Research & Data

Who Blocks Google-Extended? 25 of 107 Top Sites Do

Jun 13, 2026

Google operates Google-Extended as a dedicated user-agent for AI training and product improvement — explicitly separate from the standard Googlebot that drives search indexing. That distinction gave publishers a clean mechanism to opt out of AI data use without risking their search rankings. As of June 13, 2026, 25 of 107 prominent sites with parseable robots.txt files have done exactly that.

25 of 107 sites block Google-Extended — the lowest among the 4 largest operators.

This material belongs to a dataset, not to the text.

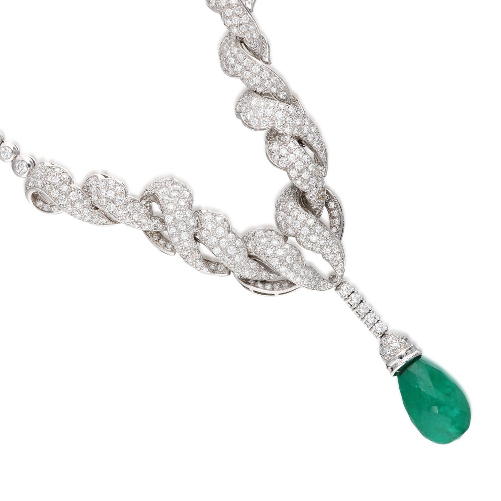 Centering a faceted, drop-shaped emerald and accented by round brilliant-cut diamonds.

The 23.4% block rate is the lowest among the large commercial AI operators tracked in this corpus. Common Crawl sits at 40 sites blocked, Anthropic at 39 sites, and OpenAI at 35 sites. Google-Extended's lower resistance rate likely reflects a calculation by many publishers: blocking Google-Extended carries no search penalty, but some publishers may still hesitate to antagonize the company that drives the bulk of their organic traffic — even when those two relationships are now technically decoupled.

Snapshot Methodology

US Tech Automations fetched robots.txt files from 122 prominent sites on June 13, 2026. Of those 122, 107 returned a parseable file; all percentages in this report are computed over that 107-site base. The snapshot is point-in-time and sealed — nothing is estimated, modeled, or extrapolated. Every numeral in this report is a verbatim count from public robots.txt directives as they existed on that date.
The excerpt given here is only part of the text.